US stock futures rose slightly in overnight trading as investors braced themselves for the start of the fourth quarter in hopes of fiscal stimulus.
Dow futures rose 115 points. S&P 500 futures and Nasdaq 100 futures rose 0.25% and 0.3%, respectively.
The House of Representatives delayed voting on a $ 2.2 trillion bailout Wednesday night after House Spokeswoman Nancy Pelosi and Treasury Secretary Steven Mnuchin failed to sign a deal on coronavirus relief. However, the couple said the conversation would continue.
The Federal Reserve announced on Wednesday that it would extend restrictions on dividends and buybacks from major banks through the fourth quarter. After the announcement by the central bank, the banks fell into extended trading.
On Wednesday, the Dow Jones Industrial Average jumped more than 300 points after rising more than 550 points in hopes the White House and Senate would approve a second stimulus package.
The S&P 500 also recorded an increase of over 0.8%. The Nasdaq Composite was up 0.75%, helped by gains at Netflix and Microsoft.
Stocks that depend on the economic recovery – such as airlines and cruise lines – lost momentum after the negative headlines. Airlines are on the verge of laying off tens of thousands of employees without further government support.
"Given that lawmakers have made no progress, there is further doubt that an agreement can be reached before the November 3rd election," Susan Schmidt, head of US stocks at Aviva Investors, told CNBC. "Investors are heading into the final quarter of the year and expect volatility to continue. They acknowledge that the winners' non-obsession has been detrimental to their portfolios this year."
Despite the rally on Wednesday, stocks rounded out September, the first month of decline since March.
The Dow Jones Industrial Average lost nearly 2.3% in September, a typically weak month for stocks. The S&P 500 fell 3.9% this month. The technology-intensive Nasdaq Composite fell 5.2% since September 1, hurt by weakness in technology stocks. However, all three major averages posted strong gains in the third quarter.
Investors also digested a combative presidential debate between Donald Trump and Joe Biden on Tuesday evening.
Starwood's Barry Sternlicht said Wednesday the stock market would suffer from democratic momentum.

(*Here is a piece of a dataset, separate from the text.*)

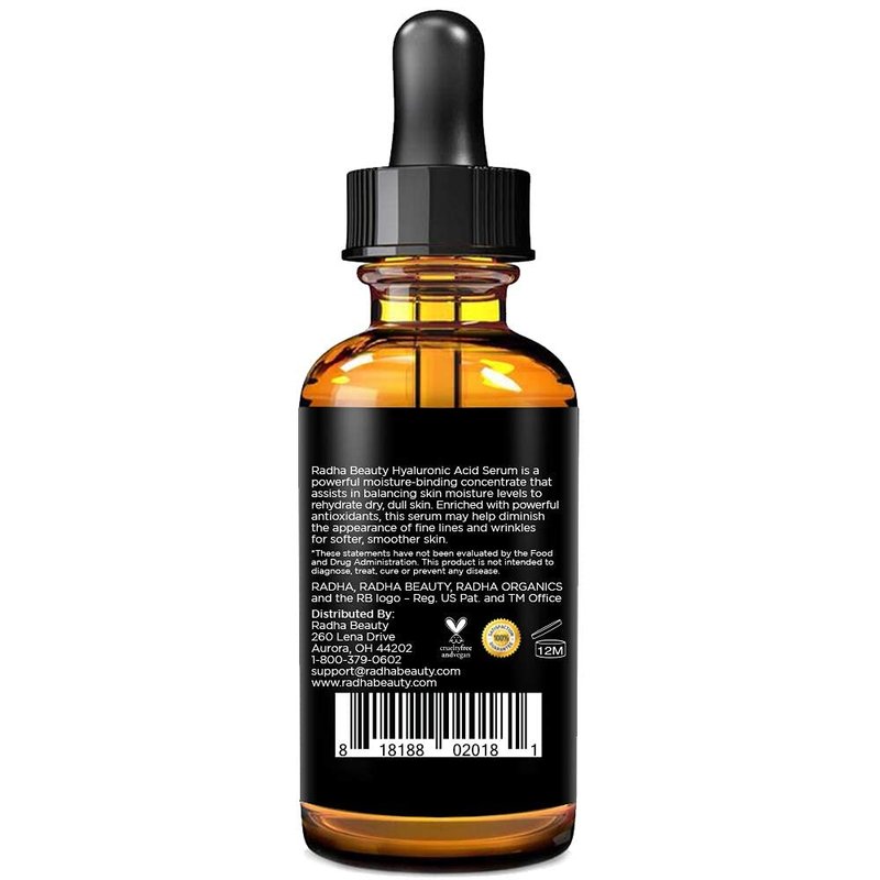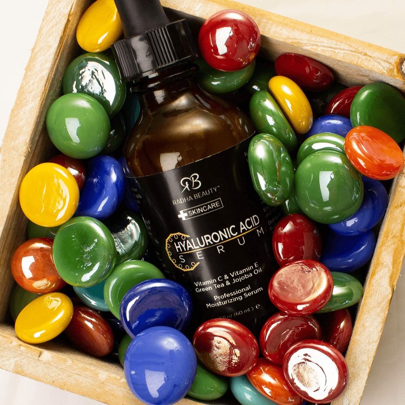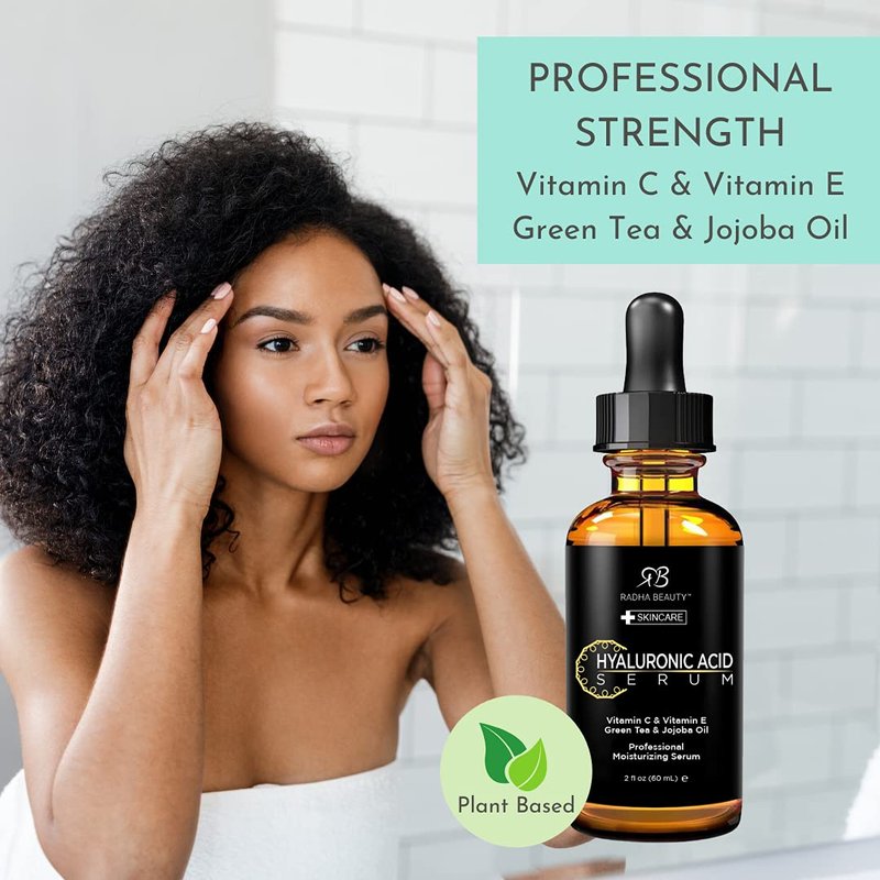 Radha Beauty Hyaluronic Acid Serum for Skin, 2 fl. oz - Infused with Vitamin C, Vitamin E, Green Tea & Jojoba Oil, Intensive Moisture and Hydration for Anti-Aging, Wrinkles, and Fine Lines

"Maybe long-term, two or three years after the Democratic sweep would be fine, but in the short-term, with the capital gains tax change, you'd probably see a pretty significant correction in soaring stocks in November when they announce the winner," the chairman said and CEO of Starwood Capital Group at the Delivering Alpha conference presented by CNBC and Institutional Investor.
Conversely, Social Capital founder and CEO Chamath Palihapitiya said the stock market will continue to rise regardless of a Trump or Biden presidency. The downright tech investor said investors need to find growth in the stock market with interest rates close to zero.
Positive news about coroanvirus vaccines also bolstered stocks on Wednesday. Treatment with Regeneron improves symptoms in out-of-hospital patients, and Moderna's vaccine shows signs of work in older adults, according to one study. The Financial Times reported Wednesday that Moderna's vaccine will not be ready before the November election.